When you lose everything that you worked for that finally made you feel like you had something to be proud of, like you could finally breathe, you stopped wanting to run away, you stopped thinking all the worst things a person can think about themselves; when that's taken from you, after you have been financially wiped out again and again and again through no fault of your own, and you are then silenced, ignored, harassed, abused, unheard, misjudged, neglected…it destroys you.
I have never thought of myself as a victim or a survivor. I am a fighter.
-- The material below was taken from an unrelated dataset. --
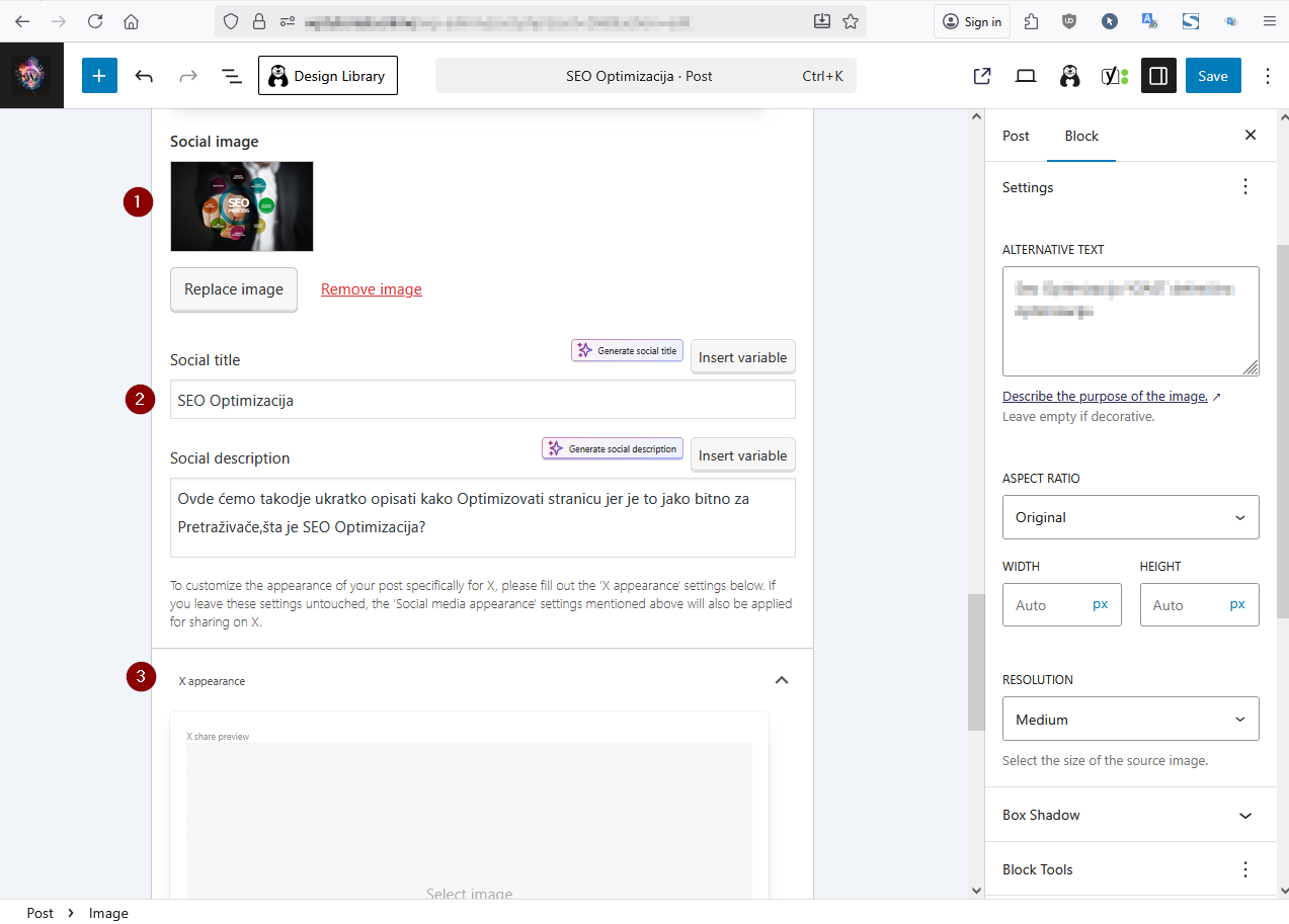 - 2 – Upiši Naslov (Social title) i Opis Stranice (Social description)..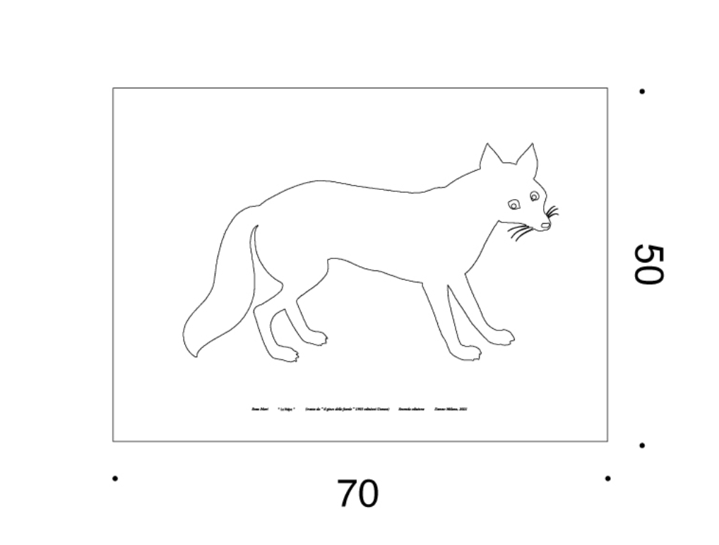 The animal subjects of the “La Serie della Natura” derive from the iconographic research that Mari developed at the beginning of the ‘60s for the definition of the characters of the “Gioco delle Favole”. A lengthy study was dedicated to each subject to achieve an emblematic result that makes an alphabet of institutionalised signs decipherable. The re-edition of the prints of Enzo Mari’s iconic subjects therefore continues with three subjects taken from this project and already created as independent prints.

Besides my dogs, Meraki was the thing that made me get out of bed in the morning. I had an unnecessary total hysterectomy when I was 33 so I was never able to have a family. Meraki was it for me, and I made my peace with that. This was the path I ended up on, and I did everything I could to make it one in which I felt purpose. Meraki gave me something I never had before: Freedom. Freedom to choose, freedom to do what I wanted when I wanted, freedom to allow my nervous system to finally begin to regulate, freedom to be me.
I was just starting to really get to know myself when the rug was pulled out from under me. Again. And again. And again. After the first flood happened I stopped feeling safe. I was scrambling to do whatever I had to in order to keep my business up and running without creating a tremendous amount of debt in the process.
I have been climbing uphill against 100 mph winds for my entire life just to try to be me.